*Supplied material*
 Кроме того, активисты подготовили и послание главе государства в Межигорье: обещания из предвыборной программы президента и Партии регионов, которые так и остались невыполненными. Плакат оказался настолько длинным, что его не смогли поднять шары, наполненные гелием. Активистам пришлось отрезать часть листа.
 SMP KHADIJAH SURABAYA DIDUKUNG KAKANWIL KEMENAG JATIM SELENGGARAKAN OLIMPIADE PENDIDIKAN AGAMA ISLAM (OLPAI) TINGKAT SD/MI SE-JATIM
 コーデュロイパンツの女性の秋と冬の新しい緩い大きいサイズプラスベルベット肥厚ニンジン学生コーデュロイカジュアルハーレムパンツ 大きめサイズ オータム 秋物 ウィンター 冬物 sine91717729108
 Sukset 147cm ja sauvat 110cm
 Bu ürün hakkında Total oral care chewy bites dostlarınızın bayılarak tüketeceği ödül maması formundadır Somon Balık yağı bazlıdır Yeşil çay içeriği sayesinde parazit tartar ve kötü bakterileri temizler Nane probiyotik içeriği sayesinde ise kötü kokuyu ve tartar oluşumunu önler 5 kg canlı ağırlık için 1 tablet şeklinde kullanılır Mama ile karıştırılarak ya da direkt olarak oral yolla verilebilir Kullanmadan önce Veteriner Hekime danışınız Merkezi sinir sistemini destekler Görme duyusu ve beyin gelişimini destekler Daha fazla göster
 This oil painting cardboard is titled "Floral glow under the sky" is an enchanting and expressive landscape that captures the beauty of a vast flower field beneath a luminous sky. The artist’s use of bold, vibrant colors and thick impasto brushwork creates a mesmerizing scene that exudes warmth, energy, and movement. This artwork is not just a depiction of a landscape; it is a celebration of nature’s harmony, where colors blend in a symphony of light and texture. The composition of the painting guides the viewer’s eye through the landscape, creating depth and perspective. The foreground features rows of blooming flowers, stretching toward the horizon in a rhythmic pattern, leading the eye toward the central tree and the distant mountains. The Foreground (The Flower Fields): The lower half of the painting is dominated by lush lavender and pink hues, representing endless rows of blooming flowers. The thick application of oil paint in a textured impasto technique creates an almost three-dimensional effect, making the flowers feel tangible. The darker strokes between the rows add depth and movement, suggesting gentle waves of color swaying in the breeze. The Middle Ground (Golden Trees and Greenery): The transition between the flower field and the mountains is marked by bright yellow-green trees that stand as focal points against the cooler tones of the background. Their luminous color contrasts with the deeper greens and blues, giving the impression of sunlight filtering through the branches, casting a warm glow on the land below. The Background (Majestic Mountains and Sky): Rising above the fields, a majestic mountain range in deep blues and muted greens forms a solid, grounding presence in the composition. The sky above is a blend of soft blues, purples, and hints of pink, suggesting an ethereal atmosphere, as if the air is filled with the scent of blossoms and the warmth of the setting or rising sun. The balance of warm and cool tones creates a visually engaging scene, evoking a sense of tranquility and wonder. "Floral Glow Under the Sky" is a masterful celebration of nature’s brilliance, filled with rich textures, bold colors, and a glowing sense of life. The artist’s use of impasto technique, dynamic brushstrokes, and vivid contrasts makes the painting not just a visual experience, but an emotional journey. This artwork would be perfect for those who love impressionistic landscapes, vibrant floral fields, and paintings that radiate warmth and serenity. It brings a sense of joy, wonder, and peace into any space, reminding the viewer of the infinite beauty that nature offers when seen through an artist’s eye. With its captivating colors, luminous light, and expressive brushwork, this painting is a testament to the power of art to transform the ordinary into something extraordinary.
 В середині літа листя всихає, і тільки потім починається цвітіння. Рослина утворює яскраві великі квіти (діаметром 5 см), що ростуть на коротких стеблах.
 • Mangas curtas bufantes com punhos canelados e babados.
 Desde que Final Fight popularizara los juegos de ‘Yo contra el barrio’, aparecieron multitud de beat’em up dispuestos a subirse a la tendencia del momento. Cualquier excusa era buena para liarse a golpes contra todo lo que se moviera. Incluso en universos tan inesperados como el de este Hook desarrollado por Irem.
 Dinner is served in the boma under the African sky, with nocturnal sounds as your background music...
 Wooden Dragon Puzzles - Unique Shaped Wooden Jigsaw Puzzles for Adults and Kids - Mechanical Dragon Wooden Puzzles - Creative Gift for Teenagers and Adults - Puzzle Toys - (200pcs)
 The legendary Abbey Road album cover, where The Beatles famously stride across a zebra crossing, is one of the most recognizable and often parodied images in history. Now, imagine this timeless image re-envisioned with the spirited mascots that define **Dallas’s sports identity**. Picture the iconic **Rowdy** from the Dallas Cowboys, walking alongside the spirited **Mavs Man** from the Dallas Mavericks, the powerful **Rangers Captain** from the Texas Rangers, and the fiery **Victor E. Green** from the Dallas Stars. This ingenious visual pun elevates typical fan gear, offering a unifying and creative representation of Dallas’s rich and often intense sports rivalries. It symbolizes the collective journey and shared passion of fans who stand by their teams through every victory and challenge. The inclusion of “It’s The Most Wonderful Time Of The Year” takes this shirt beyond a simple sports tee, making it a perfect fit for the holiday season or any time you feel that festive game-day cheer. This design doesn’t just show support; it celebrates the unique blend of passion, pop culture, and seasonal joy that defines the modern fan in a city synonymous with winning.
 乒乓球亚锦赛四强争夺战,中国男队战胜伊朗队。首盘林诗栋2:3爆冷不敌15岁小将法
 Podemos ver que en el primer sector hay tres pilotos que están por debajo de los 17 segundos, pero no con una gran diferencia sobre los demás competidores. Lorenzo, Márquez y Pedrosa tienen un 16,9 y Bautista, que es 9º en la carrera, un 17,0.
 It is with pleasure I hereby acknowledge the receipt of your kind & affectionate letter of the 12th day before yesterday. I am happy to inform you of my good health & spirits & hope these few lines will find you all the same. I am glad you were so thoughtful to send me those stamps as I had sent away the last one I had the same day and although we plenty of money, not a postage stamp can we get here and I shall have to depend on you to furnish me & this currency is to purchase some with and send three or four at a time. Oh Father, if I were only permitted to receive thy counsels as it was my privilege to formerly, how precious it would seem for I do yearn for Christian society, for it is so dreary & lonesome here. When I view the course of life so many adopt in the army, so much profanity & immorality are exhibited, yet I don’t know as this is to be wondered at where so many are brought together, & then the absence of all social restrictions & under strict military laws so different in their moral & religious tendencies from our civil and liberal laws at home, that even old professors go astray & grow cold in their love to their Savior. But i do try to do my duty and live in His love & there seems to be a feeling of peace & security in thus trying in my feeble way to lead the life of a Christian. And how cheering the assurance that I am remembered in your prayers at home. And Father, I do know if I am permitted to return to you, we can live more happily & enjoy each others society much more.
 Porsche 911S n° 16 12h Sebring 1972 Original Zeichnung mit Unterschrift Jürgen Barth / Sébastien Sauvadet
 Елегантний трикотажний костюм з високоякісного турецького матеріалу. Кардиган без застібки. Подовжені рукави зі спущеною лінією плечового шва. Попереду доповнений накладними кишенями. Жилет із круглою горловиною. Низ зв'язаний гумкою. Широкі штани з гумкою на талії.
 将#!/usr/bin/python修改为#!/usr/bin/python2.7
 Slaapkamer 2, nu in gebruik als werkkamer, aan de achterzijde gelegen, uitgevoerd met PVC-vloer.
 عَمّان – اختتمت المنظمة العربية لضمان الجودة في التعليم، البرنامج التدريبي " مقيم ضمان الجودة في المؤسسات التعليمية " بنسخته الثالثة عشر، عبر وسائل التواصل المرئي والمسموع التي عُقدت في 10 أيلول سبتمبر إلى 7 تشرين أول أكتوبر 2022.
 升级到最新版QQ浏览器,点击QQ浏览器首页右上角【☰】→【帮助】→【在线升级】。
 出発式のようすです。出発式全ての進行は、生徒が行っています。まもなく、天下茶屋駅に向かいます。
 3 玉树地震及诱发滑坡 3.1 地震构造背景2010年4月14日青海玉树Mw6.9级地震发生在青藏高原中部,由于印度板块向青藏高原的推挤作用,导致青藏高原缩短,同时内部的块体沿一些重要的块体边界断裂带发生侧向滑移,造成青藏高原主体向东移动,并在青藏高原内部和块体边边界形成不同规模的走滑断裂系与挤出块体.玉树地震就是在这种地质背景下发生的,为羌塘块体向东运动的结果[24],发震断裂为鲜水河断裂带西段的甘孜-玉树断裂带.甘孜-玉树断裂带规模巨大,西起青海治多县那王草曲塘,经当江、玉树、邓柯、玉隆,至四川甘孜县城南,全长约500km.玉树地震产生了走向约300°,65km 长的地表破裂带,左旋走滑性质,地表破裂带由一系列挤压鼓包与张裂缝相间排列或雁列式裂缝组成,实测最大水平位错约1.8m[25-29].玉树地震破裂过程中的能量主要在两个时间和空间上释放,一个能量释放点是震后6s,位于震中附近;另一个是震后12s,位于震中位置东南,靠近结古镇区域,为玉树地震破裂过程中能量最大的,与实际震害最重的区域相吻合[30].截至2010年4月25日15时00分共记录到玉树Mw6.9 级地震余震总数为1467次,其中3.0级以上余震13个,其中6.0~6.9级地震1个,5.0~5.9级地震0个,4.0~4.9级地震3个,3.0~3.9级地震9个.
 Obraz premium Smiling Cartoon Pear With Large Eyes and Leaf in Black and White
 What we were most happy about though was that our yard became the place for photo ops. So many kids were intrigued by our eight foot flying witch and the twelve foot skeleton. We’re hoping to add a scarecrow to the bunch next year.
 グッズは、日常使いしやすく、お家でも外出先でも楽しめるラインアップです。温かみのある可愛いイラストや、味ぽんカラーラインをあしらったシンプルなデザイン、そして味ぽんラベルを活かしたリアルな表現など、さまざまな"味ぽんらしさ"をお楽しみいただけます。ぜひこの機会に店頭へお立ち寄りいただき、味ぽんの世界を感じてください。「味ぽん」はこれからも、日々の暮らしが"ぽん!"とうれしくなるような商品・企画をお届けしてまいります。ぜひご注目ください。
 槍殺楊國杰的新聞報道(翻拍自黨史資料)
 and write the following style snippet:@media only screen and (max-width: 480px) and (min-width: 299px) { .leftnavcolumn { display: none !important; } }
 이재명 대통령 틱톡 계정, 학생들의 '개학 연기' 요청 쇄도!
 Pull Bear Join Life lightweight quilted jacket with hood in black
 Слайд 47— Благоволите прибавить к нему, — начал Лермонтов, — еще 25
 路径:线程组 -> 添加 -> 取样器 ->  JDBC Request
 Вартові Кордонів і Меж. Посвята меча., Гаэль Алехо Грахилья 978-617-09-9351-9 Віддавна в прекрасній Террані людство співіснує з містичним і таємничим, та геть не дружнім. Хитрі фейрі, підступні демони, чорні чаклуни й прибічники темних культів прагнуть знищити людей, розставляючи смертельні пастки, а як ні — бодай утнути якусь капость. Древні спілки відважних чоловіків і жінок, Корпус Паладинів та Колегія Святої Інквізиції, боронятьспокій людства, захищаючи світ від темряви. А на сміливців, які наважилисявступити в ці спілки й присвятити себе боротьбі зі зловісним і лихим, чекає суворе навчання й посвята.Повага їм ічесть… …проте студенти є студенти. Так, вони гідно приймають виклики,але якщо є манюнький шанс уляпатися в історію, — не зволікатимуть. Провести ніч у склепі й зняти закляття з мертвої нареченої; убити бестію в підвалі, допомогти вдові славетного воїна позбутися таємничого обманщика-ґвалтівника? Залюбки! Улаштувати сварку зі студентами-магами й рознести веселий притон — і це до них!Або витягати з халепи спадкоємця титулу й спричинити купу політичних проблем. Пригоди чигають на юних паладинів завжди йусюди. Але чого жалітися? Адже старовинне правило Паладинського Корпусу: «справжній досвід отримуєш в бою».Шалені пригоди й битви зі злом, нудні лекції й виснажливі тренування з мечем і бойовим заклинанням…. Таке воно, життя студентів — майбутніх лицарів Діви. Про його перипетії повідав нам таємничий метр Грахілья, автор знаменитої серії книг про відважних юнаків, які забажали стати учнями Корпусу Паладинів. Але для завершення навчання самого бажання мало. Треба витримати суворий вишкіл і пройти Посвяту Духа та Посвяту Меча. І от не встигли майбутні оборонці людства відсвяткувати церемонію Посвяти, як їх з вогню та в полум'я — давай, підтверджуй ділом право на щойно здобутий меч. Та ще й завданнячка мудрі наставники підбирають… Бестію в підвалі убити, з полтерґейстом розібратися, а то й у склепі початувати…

*What you should do*
After locating the line with "SMP KHADIJAH SURABAYA" above, return that line and every later line through the one with "Sukset 147cm ja sauvat 110cm", word for word and with nothing else.

*Expected answer*
 SMP KHADIJAH SURABAYA DIDUKUNG KAKANWIL KEMENAG JATIM SELENGGARAKAN OLIMPIADE PENDIDIKAN AGAMA ISLAM (OLPAI) TINGKAT SD/MI SE-JATIM
 コーデュロイパンツの女性の秋と冬の新しい緩い大きいサイズプラスベルベット肥厚ニンジン学生コーデュロイカジュアルハーレムパンツ 大きめサイズ オータム 秋物 ウィンター 冬物 sine91717729108
 Sukset 147cm ja sauvat 110cm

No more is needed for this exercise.